This is a FUN episode! Today, I’m exploring some psychological theories behind some of the most popular sexual fantasies. It’s more playful than last week’s episode of part 1, but I highly recommend you watch that video here if you haven’t already so that you can follow along better with this one. And I strongly suggest you watch/listen along with the video version rather than audio by clicking here.
Here are a few of the fantasies I cover on this podcast:
4.Diapered & Babied
7.Group Sex – (men on men, women on women, cuckolding, orgies, etc.)
It’s important to educate yourself on where your fantasies come from and what they might mean, but be cautious not to use sexual fantasy interpretations as a one-size-fits-all explanation, as it depends on the person and their unique circumstances. But theories can bring us generalizations that can be helpful at times to explain commonalities among large groups. There will always be exceptions and outliers of course, as a myriad of factors influence our fantasies.

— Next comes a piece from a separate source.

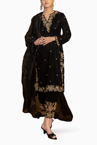 The neck and sleeves of the tunic has detailed embroidery and the back has slight hand embroidery all over. Matching straight mid-waist pants with hand embroidered organza panel and fully-elasticated waist. The organza dupatta has big motif and detailing all over.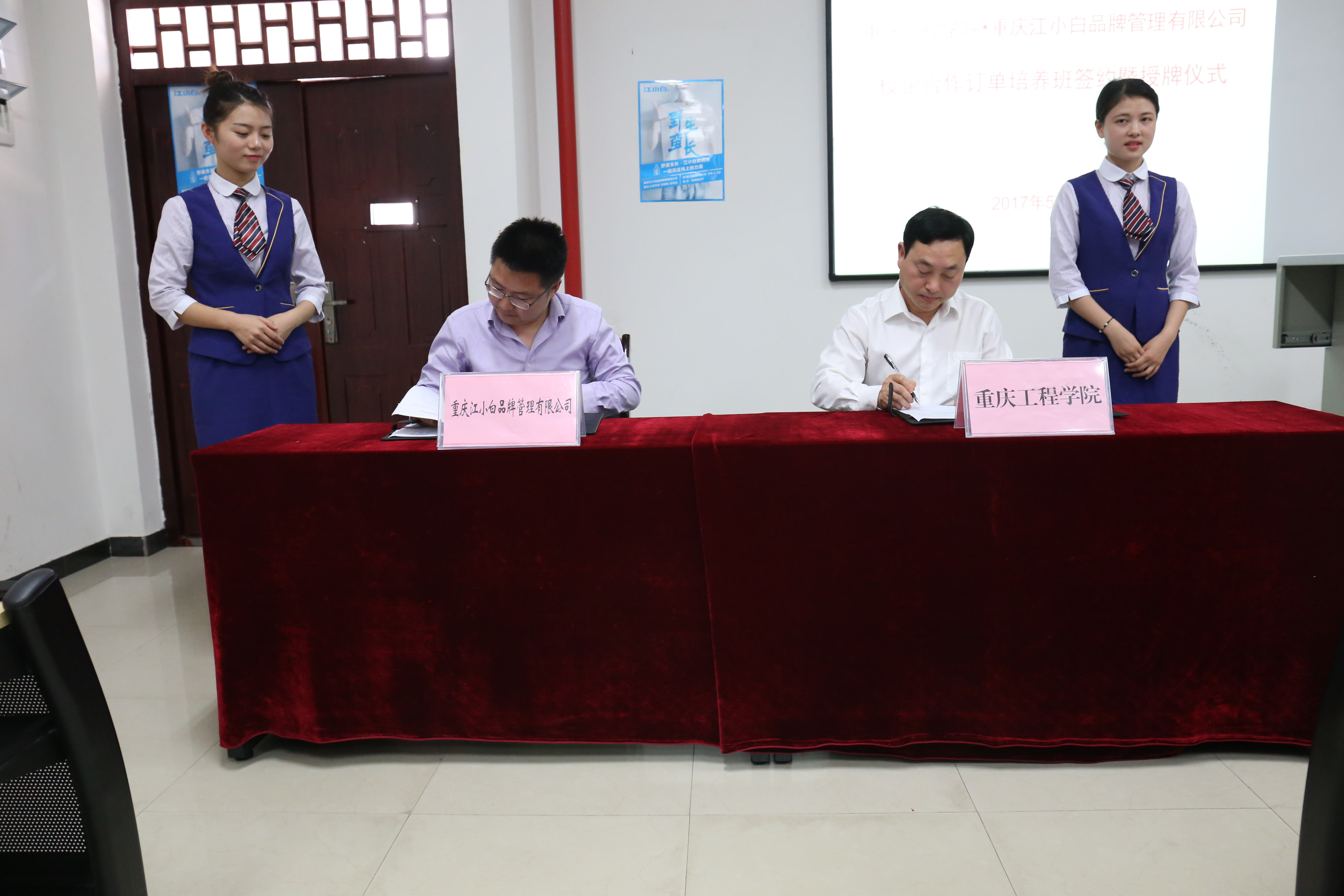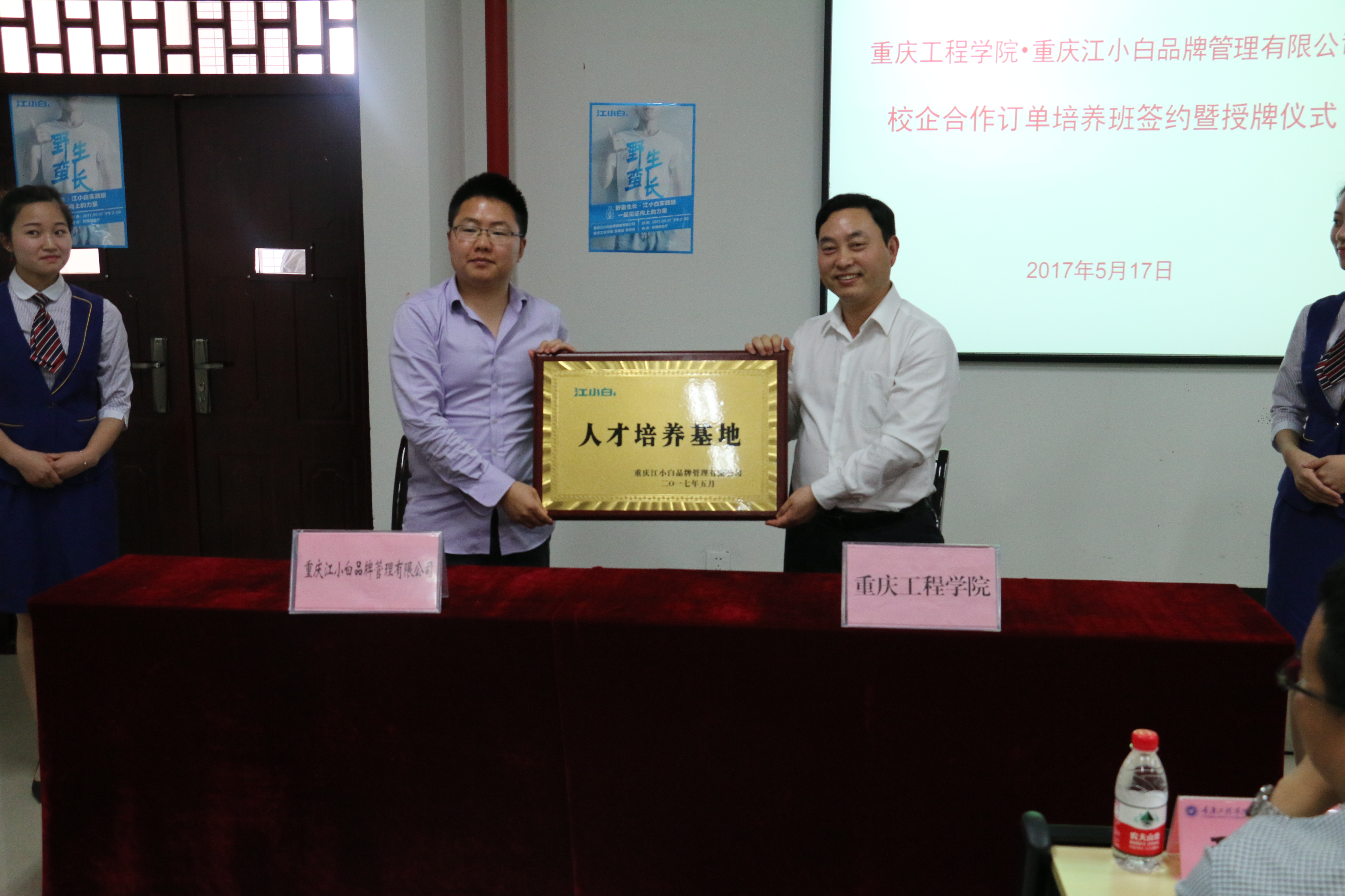 2017年5月17日,我校与重庆江小白品牌管理有限公司(以下简称江小白公司)在第六教学楼203教室举行了订单培养班签约暨授牌仪式。我校党委书记兼常务副校长张业平、招生就业处处长王建东、教务处副处长罗桓、管理学院执行院长简玉刚、江小白公司组织部常务副部长兼人力资源副总监汪应伟、市场拓展部副总监兼总经理助理胡小明、人才学院项目主管林晶、组织部培训专员汪艳秋等人出席了本次签约仪式。

Some things to keep in mind as we delve into the deeper meanings of sexual fantasies:
- All of the meanings depend on the person
- The meaning, the thought, the feeling, or the behavior is subjective and not formulaic, and it doesn’t always mean the same thing
- But I will say that if, as we go along, something strikes a cord in you or you find yourself smiling or laughing, that’s probably your internal needle saying, hey! I find some truth to this!
- There is another fact about this topic that we cannot escape, and that is as Esther Perel says, one person’s fantasy is another person’s turn-off. However, once you can educate yourself on what your own fantasies mean, it will grease the wheels in understanding what your partner’s fantasies might mean so that you can try to counteract any fear, shame, or embarrassment that you both might feel in revealing them. And in other cases, one might have no intention of actually acting upon a fantasy in real life. Fantasy and reality are two very different things in the world of human sexuality. I cannot stress that enough. Just because you fantasize about something does not necessarily mean you want to or would ever want to act on it.